Dr. Charles E. Ritterband, 1. August 2025, für
klassik-begeistert.de und klassik-begeistert.at
Carl Maria von Weber, Der Freischütz – Romantische Oper Seebühne Bregenz, 17. Juli 2024 (Première)
Carl Maria von Weber, Der Freischütz, Romantische Oper Seebühne Bregenz, 17. Juli 2024 (Première)
Gioachino Rossini, Tancredi Bregenz, Festspielhaus, 18. Juli 2024 PREMIERE
Der Freischütz, das klingt immer noch nach Gymnasium, Oberstufe, Erinnerungen an einige Wochen Durcharbeitung werden wach. Dann zwei fade und blasse Inszenierungen in der Ruhgebietsstadt Essen, DOR mit vollen Spezialeffekten und an der Mailänder Scala etwas robuster.
Bregenz aber nun mit allen Registern, der Biedermeier wird mit rauschendem Wasserballett geplättet und das Böse entpuppt sich als allgegenwärtig.
Stimmliche Leistung war, besonders was Max anging, besonders besch…eiden.

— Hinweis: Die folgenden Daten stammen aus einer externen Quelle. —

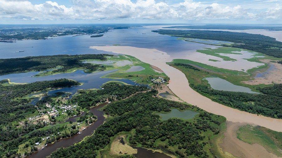这是2024年3月14日在巴西亚马孙州首府马瑙斯附近拍摄的亚马孙河流域风光(无人机照片)。新华社记者 王天聪 摄

Einzig mit Technik und Abkürzen der Tonlänge hat er sein Unvermögen (an dem Tag 5.8.25) in den Höhen überspielt!
Bei einer Open-Air Veranstaltung sieht man aber gerne über sowas hinweg und freut sich, den zweiten Vorstellungstag (siehe oben) in Folge, regen- und schauerfrei miterlebt haben zu dürfen.
Andreas Essen
Normalerweise gehöre ich nicht zu denjenigen, die meinen, überall ihren mehr oder weniger qualifizierten Senf dazu geben zu müssen. Im Fall der Aufführung von Webers Freischütz bei den Bregenzer Festspielen muss ich aber eine Ausnahme machen. Das war Musiktheater auf aller höchstem Niveau in alle Richtungen! Ja… man sitzt nicht im Opernhaus und schon alleine deshalb muss die Atmosphäre eine andere sein. Ja… es wurden Veränderungen, Adaptionen, Kürzungen vorgenommen, aber aus meiner Sicht genau richtig dosiert. Und ja… es tut sich was, unaufhörlich, spannend, vielseitig und somit maximal kurzweilig. Selbst die in einer anderen Inszenierung möglicherweise zu kitschig geratenen Momente haben hier ihre absolute Berechtigung. Sie geraten nicht nur zum schmückenden Beiwerk, sondern regen sogar zum Nachdenken an. Und ja… es bedient ein breites Publikum, aber genau das sollte meiner Meinung nach das Ziel sein, wenn man Musiktheater nicht als fossiles Relikt für vermeintlich elitäre Kreise verstehen will. Das Durchschnittsalter des Publikums an diesem Abend (15.08.25) – der übrigens noch lange nachwirken wird – scheint den Verantwortlichen jedenfalls Recht zu geben. Bravi und vielen Dank!